§ **ABOUT THIS EXERCISE**
From the first line of the material through the line that holds "Топографический рисунок неоновых", repeat each line exactly and skip any picture.
======== RECORD EXTRACTS ========
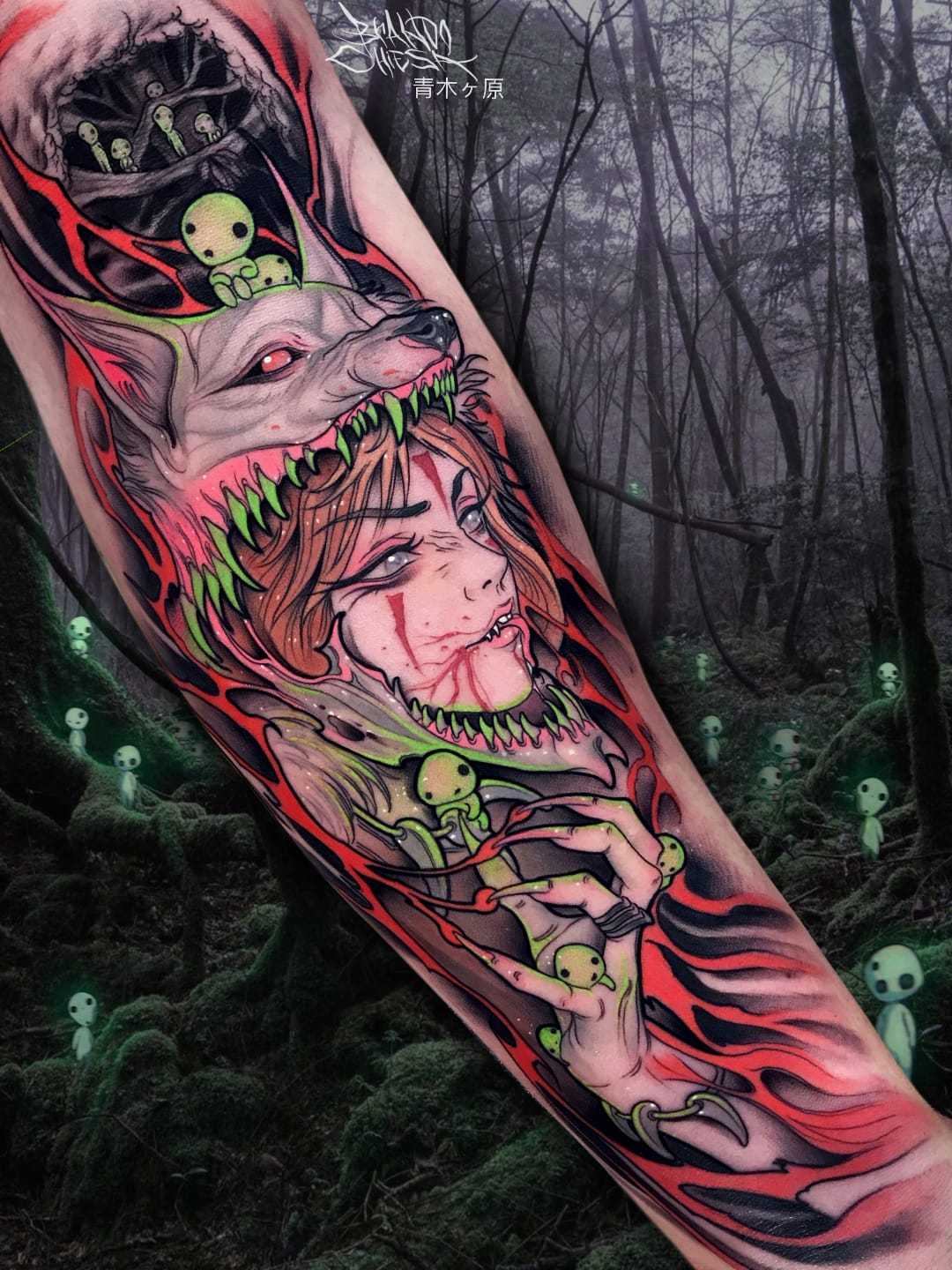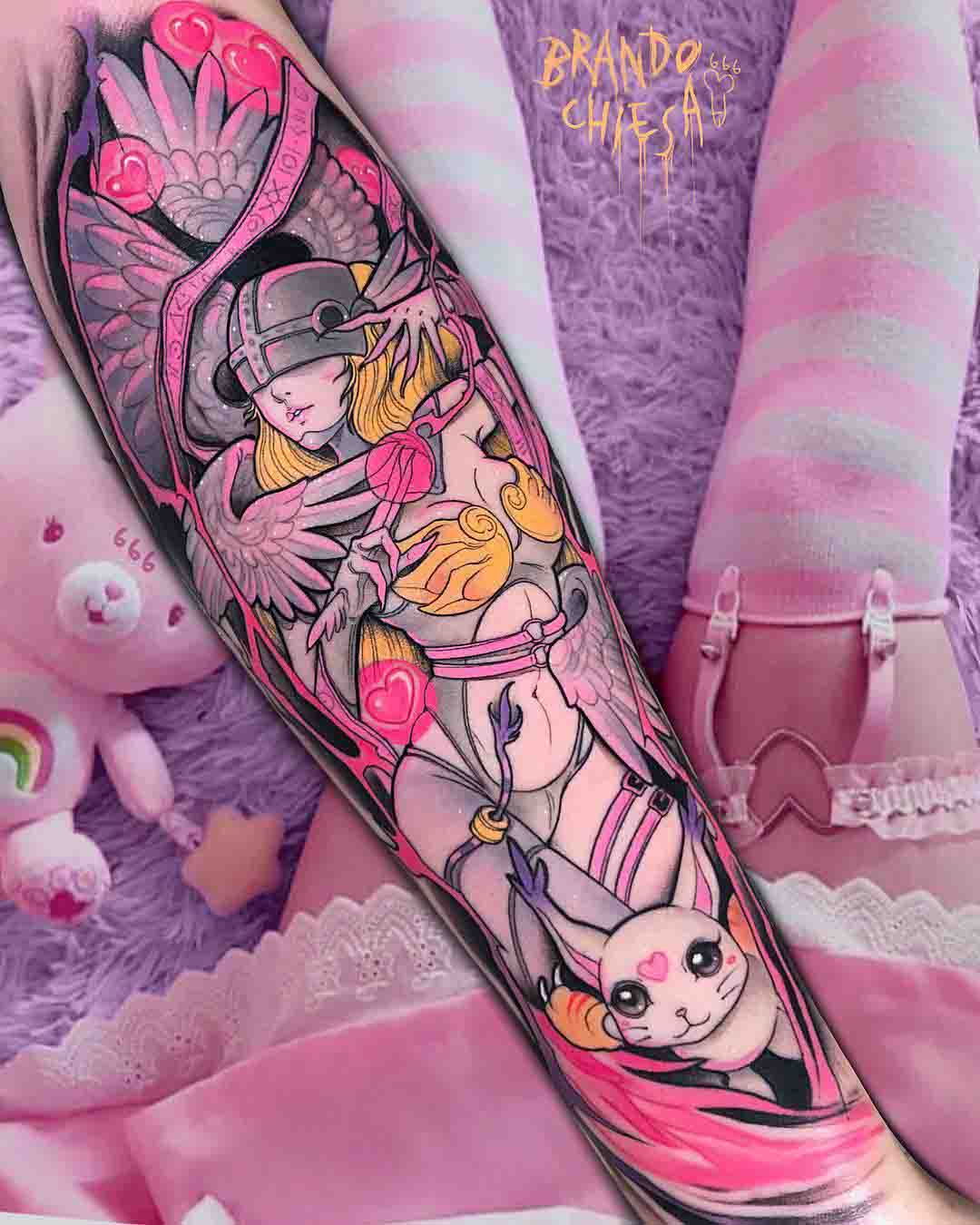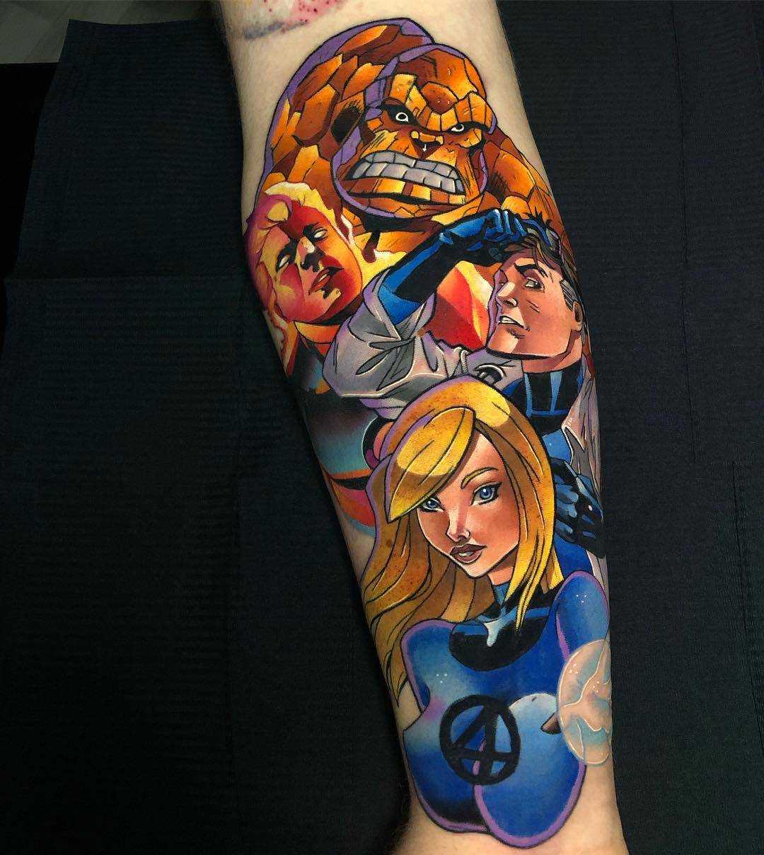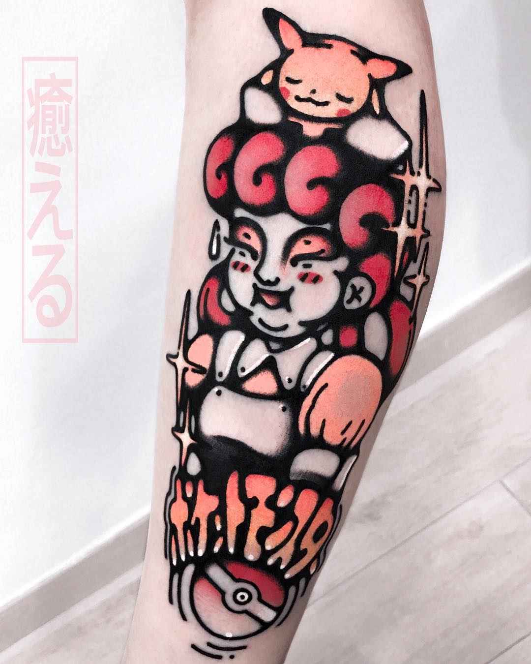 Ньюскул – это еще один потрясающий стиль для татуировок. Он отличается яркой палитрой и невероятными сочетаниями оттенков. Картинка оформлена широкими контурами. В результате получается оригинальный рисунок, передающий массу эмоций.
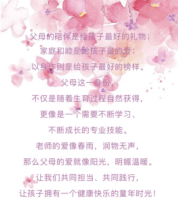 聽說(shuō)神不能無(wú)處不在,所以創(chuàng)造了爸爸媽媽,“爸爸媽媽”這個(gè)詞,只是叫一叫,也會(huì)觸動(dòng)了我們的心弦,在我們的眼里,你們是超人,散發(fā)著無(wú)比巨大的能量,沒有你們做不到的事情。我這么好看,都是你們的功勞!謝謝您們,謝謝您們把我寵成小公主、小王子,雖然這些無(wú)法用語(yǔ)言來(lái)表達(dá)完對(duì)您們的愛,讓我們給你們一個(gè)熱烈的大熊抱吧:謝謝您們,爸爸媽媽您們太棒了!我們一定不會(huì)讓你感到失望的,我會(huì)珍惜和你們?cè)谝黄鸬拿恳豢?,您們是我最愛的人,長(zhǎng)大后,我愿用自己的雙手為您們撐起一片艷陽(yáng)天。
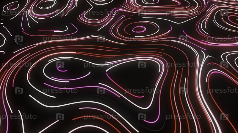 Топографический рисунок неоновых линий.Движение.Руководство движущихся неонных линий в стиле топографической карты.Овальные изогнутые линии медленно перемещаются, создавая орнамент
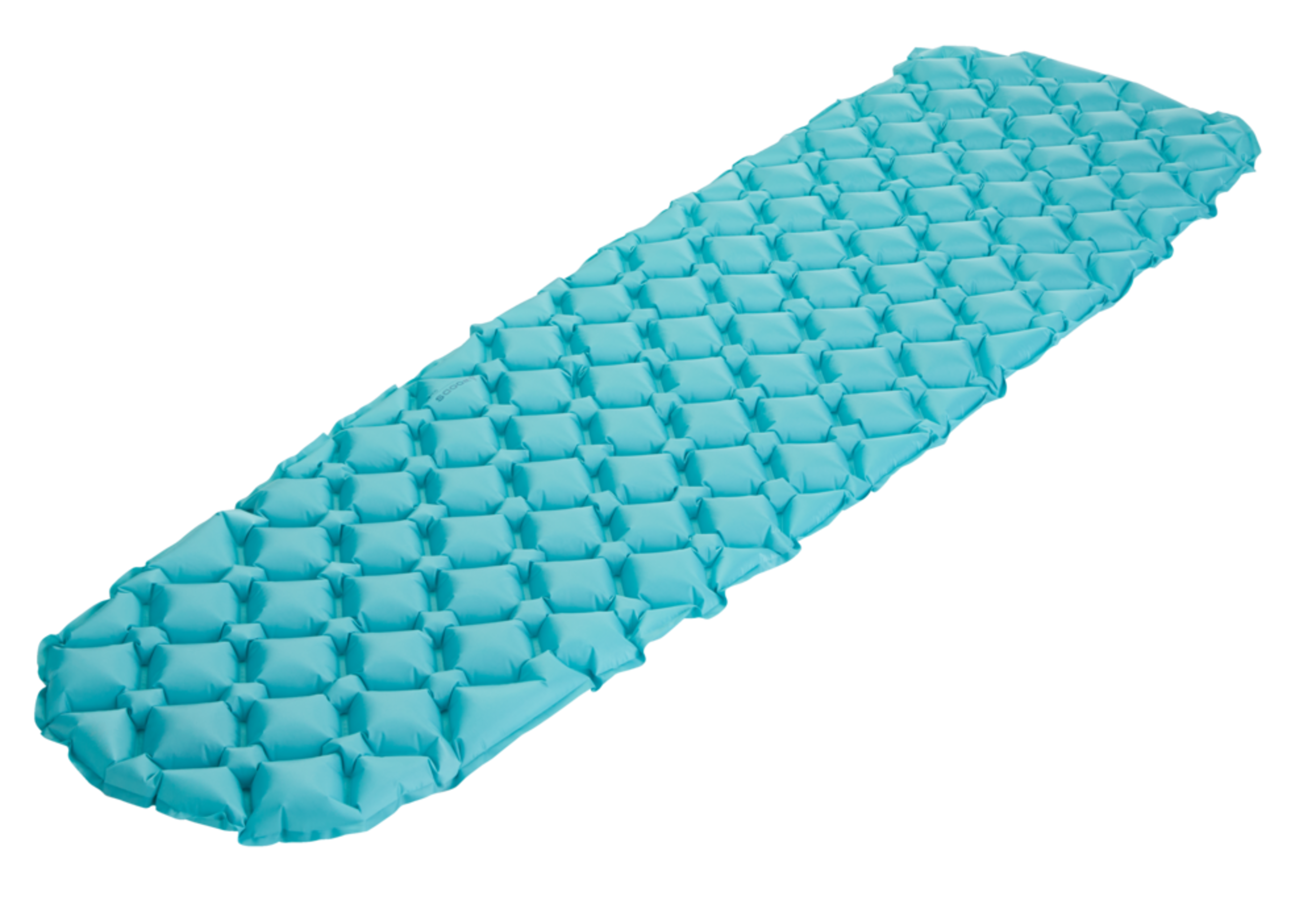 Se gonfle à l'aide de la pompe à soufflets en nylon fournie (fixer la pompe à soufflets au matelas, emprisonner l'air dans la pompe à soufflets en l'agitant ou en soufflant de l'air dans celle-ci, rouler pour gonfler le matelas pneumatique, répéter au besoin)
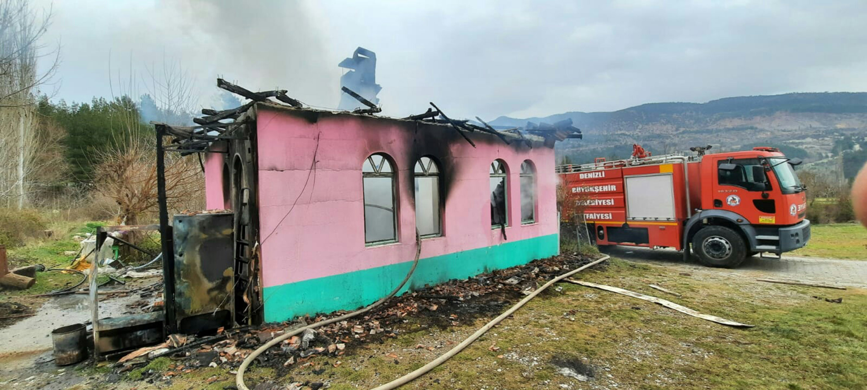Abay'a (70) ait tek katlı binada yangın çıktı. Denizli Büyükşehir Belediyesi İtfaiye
========
§ **COMPLETED TASK**
 Ньюскул – это еще один потрясающий стиль для татуировок. Он отличается яркой палитрой и невероятными сочетаниями оттенков. Картинка оформлена широкими контурами. В результате получается оригинальный рисунок, передающий массу эмоций.
 聽說(shuō)神不能無(wú)處不在,所以創(chuàng)造了爸爸媽媽,“爸爸媽媽”這個(gè)詞,只是叫一叫,也會(huì)觸動(dòng)了我們的心弦,在我們的眼里,你們是超人,散發(fā)著無(wú)比巨大的能量,沒有你們做不到的事情。我這么好看,都是你們的功勞!謝謝您們,謝謝您們把我寵成小公主、小王子,雖然這些無(wú)法用語(yǔ)言來(lái)表達(dá)完對(duì)您們的愛,讓我們給你們一個(gè)熱烈的大熊抱吧:謝謝您們,爸爸媽媽您們太棒了!我們一定不會(huì)讓你感到失望的,我會(huì)珍惜和你們?cè)谝黄鸬拿恳豢?,您們是我最愛的人,長(zhǎng)大后,我愿用自己的雙手為您們撐起一片艷陽(yáng)天。
 Топографический рисунок неоновых линий.Движение.Руководство движущихся неонных линий в стиле топографической карты.Овальные изогнутые линии медленно перемещаются, создавая орнамент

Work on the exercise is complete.